There are thousands of Star Wars fans around the world who love to show their appreciation for the series by collecting figures and merchandise based on the universe in which it takes place.
Each character from the movies has its own figure that can be bought and sold for some serious cash depending on how rare and desirable an item it is to certain collectors.
However, the world of Star Wars figure collecting is also rife with some pretty confusing terminology that can make it pretty difficult to break into.
If you’ve only just started collecting these items, you might have noticed a stamp marking on some figures which says ‘LFL’ and wondered what it means.
When it comes to Star Wars figures, LFL simply stands for LucasFilm Limited.
It is a way to show the trademark copyright of the company that authorized the production and sale of the figure.
If your figure has an LFL stamp, it means that it is Official Star Wars merchandise, authorized by LucasFilm Limited themselves.
In this guide, I’ll be teaching you everything you need to know about the significance of this stamp as well as all the other confusing labels and terminologies that exist in the weird world of Star Wars collecting.
Why Is There An LFL Stamp On Star Wars Figures?
So, we know that the LFL stamp on Star Wars figures is a reference to LucasFilm Limited (the company that produces them) but why is it there at all?
Essentially, the reason boils down to official merchandising laws.
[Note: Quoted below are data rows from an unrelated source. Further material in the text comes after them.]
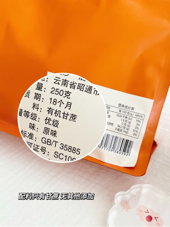配料纯净,唯有甘蔗 巧家小碗红配料表极为纯粹,只有有机甘蔗。 拒绝任何添加剂、防腐剂完整保留甘蔗天然营养与风味。 入口瞬间浓郁蔗香在舌尖散开 带来自然纯粹的甜蜜体验❗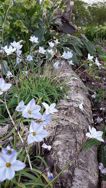I’ve never been able to get a 100% positive ID on this flower, but you see it naturalized in many of the older yards around here, and it is my favorite sign of spring. I think that it is in the scilla family. One “natural” gardening website actually suggested eradicating it and said that she sprayed it with Roundup to no avail. Good for you, little squills. You show ’em who’s boss. (And NEVER EVER use Roundup, and don’t use the word “natural” if you do.) UPDATE: Identification made by Nancy in the comments: Ipheion uniflorum, AKA Spring starflower. Thank you!!!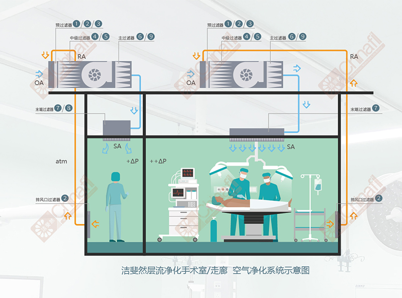 • OBCHINAFIL“洁净医疗系统净化解决方案”在手术室净化中主要采用垂直层流式净化通风模式(Supply air ceiling for operating theatre),在空调/通风系统前端设置有多级空气预过滤(如图❶❷❸❹❺❻❾),并将无隔板高效过滤器设置在手术台正上方(❼),过滤后的洁净空气通过均流膜以均匀的流速向预设的方向输送,且保持微正压,持续确保手术台达到相应的洁净要求,排风系统的回风口通常设在墙面的四角。此外,在通往手术室的走廊也设置有相应级别的空气过滤器(❼❽),以保证手术室的洁净。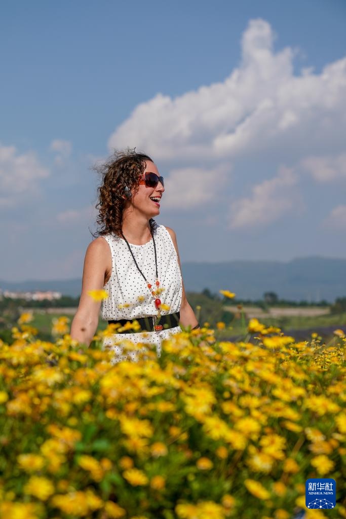 9月8日,游客在东风韵小镇花海中游玩。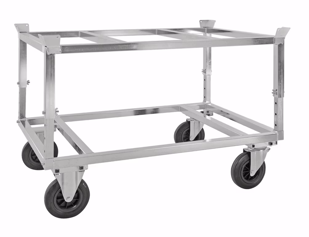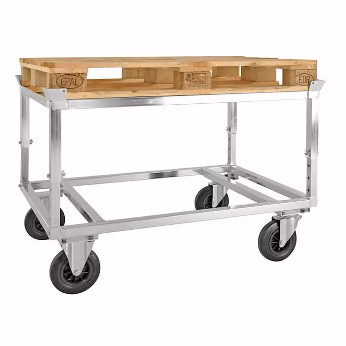 Anpassad för EUR pall 1200 x 800 mm. Ställbar i höjd. Hjul: 2 fast 2 länk.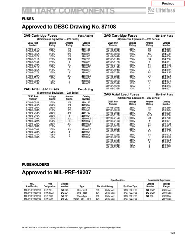 • MILITARY COMPONENTS FUSES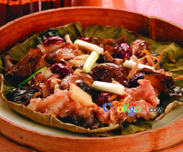 3、将荷叶铺在笼屉内,将鳄鱼腩与红枣、金针、云耳、姜片、蒜蓉调匀,放在荷叶上,上笼大火蒸8分钟,取出撒葱段上桌即可。
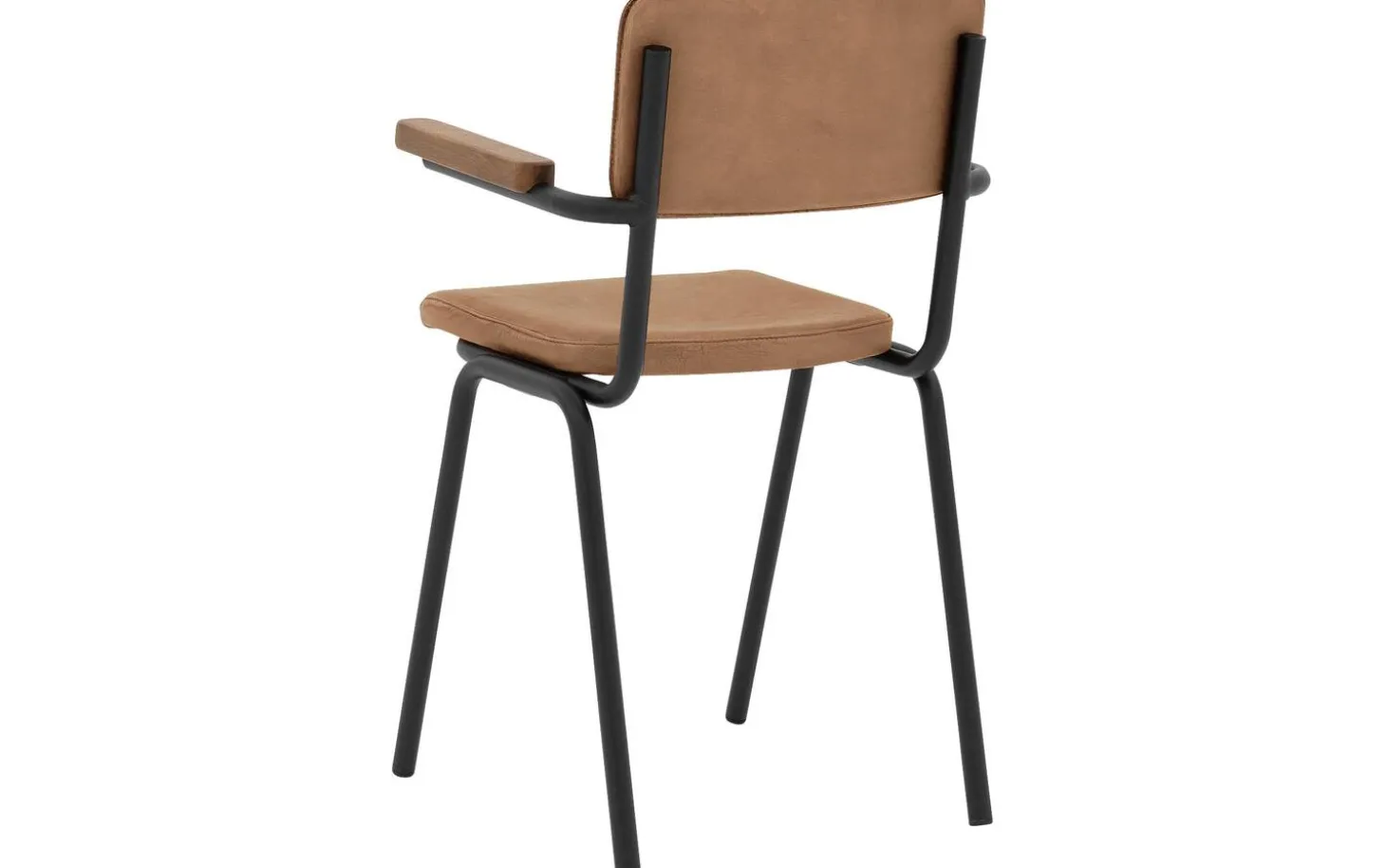 Die schwarz-matten Beine bilden einen stilvollen Kontrast zur braunen Lederbespannung. Mit einer Sitzbreite und -tiefe von 40 cm ist dieser Esszimmerstuhl kompakt, aber sehr funktional. Die feste Polsterung sorgt für einen klaren, modernen Look, der jahrelang schön bleibt.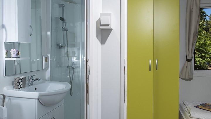 Ausstattung der Mobilheime: • Klimaanlage • Satellitenfernsehen • CD /DVD • Sonnenliegen • Esszimmer mit Tisch und 2 Stühlen • Ausziehbare Couch für 2 Personen • Kochnische • Gasherd mit Dunstabzugshaube • Mikrowelle • Kühlschrank • Kaffeemaschine • Küchenzubehör 2 Badezimmer: • Glasduschkabine • Waschbecken • Toilette • Handtücher 2 Schlafzimmer • 1. Schlafzimmer mit Doppelbett • 2. Schlafzimmer mit Einzelbetten • Bettwäsche

LucasFilm Limited prints these stamps on all of its figures to prove that they really have been produced by them.
The idea is that if you have a figure with the LFL stamp on it, you know that you don’t have a fake, knock-off version of the genuine, official merchandise.
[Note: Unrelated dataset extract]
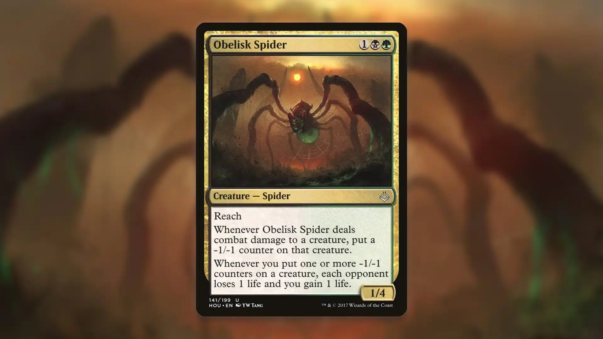 Notably, while Blight Curse has no shortage of Blight and Wither effects, Obelisk Spider also has some combo potential. Alongside Hapatra and Yawgmoth, Thran Physician, Obelisk Spider can offset the life loss to go near-infinite. Alternatively, while off color, using Sinking Feeling with Channeler Initiate creates an infinite loop of -1/-1 Counter generation and removal, which Obelisk Spider turns into infinite damage.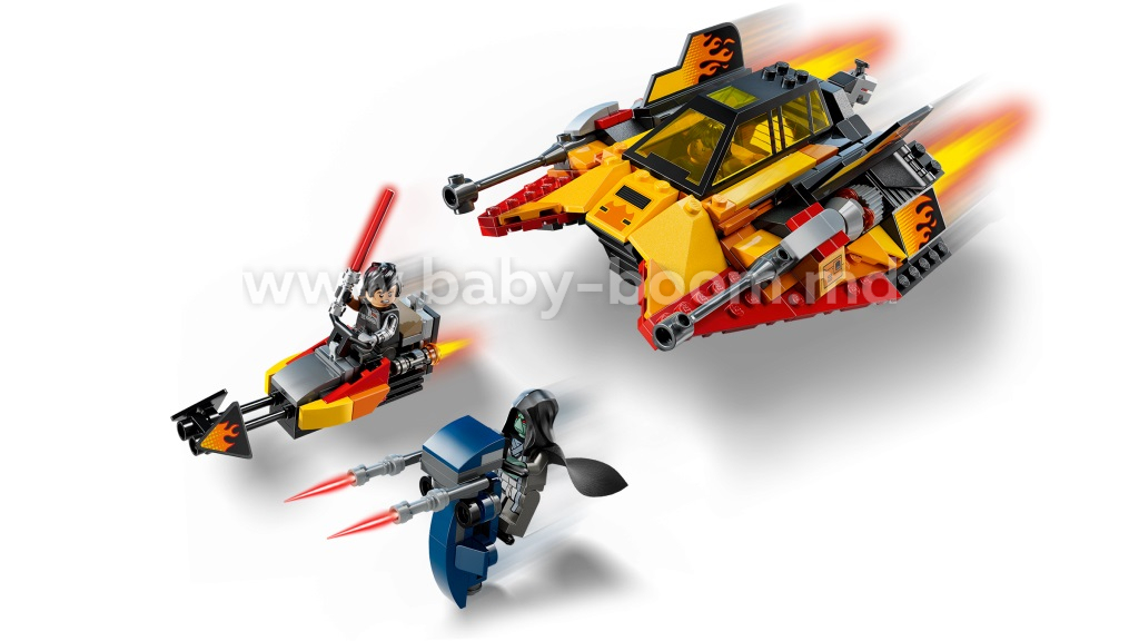 Этот набор для сборки также включает в себя первые минифигурки LEGO Star Wars, включая Сига Гриблинга, Дарта Дэва и Солитуса. Каждый персонаж вооружён световым мечом, включая два цепных световых меча Солитуса. У Солитуса также есть крутой боевой автомобиль STAP. Набор содержит 349 деталей.

This practice is used throughout the collectibles world and plenty of other companies use similar methods to verify that their products are genuine.
However, while the stamp is a symbol of authority for LucasFilm Limited products, figures that don’t have the LFL label aren’t always fake imitations of genuine products.
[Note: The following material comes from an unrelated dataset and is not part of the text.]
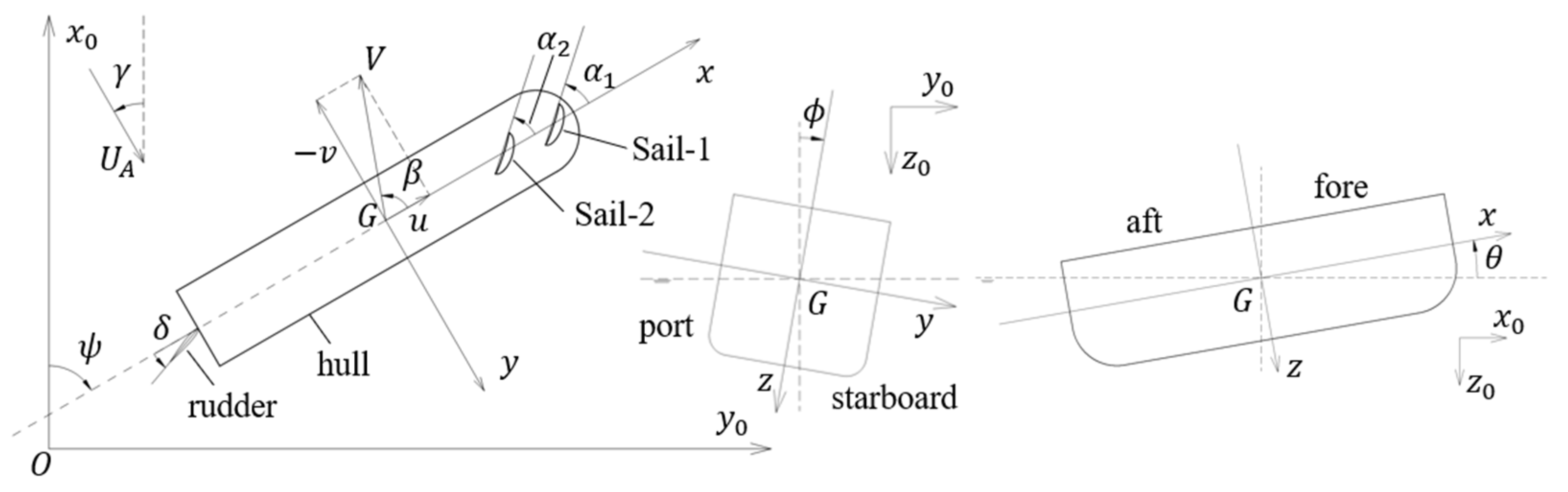 | Favorable tendencies | Tends to converge to a positive steady-state drift (leeway) angle ( > 0), indicating an opposite leeway direction compared with Case 2 under the present conditions | Tends to achieve a higher steady-state speed |

The absence of this label simply means that the figure wasn’t produced by LucasFilm Limited.
There are also a few other companies that produce Star Wars figures and collectors still recognize some of these manufacturers’ products as valuable.
Other Labels On Star Wars Figures
Interestingly, LFL isn’t the only label you’ll find on some Star Wars figures and there are a couple of others that have a few different meanings.
One of these alternative labels is GMFGI, which stands for General Mills Fun Group Incorporated. This label is very similar to the LFL tag because it simply refers to the trademark copyright of the company that produced the figure.
Similarly, CPG is another label you’ll find on a specific Star Wars action figure. It stands for Consumer Product Group, which is the name of the company that produces the Boba Fett action figure.
This means you’ll only find the CPG label on a Boba Fett figure but it means that that product is genuine merchandise.
Does The LFL Stamp Increase The Value Of Star Wars Figures?
Based on what we now know about the stamps you can find on Star Wars figures, you might be wondering whether the LFL label is valuable and can earn you more money for a sale.
Sadly, the answer is no. LFL is such a commonly used stamp on Star Wars figures and so it’s certainly not rare enough to be considered particularly valuable.
The same is also true for the GMFGI and CPG labels that you can find on some figures. These are also not rare enough to make a figure much more valuable.
The main purpose of these stamps is to indicate that the figure was made by a valid, authoritative source like LucasFilm Limited so they only make these figures more valuable than the fakes.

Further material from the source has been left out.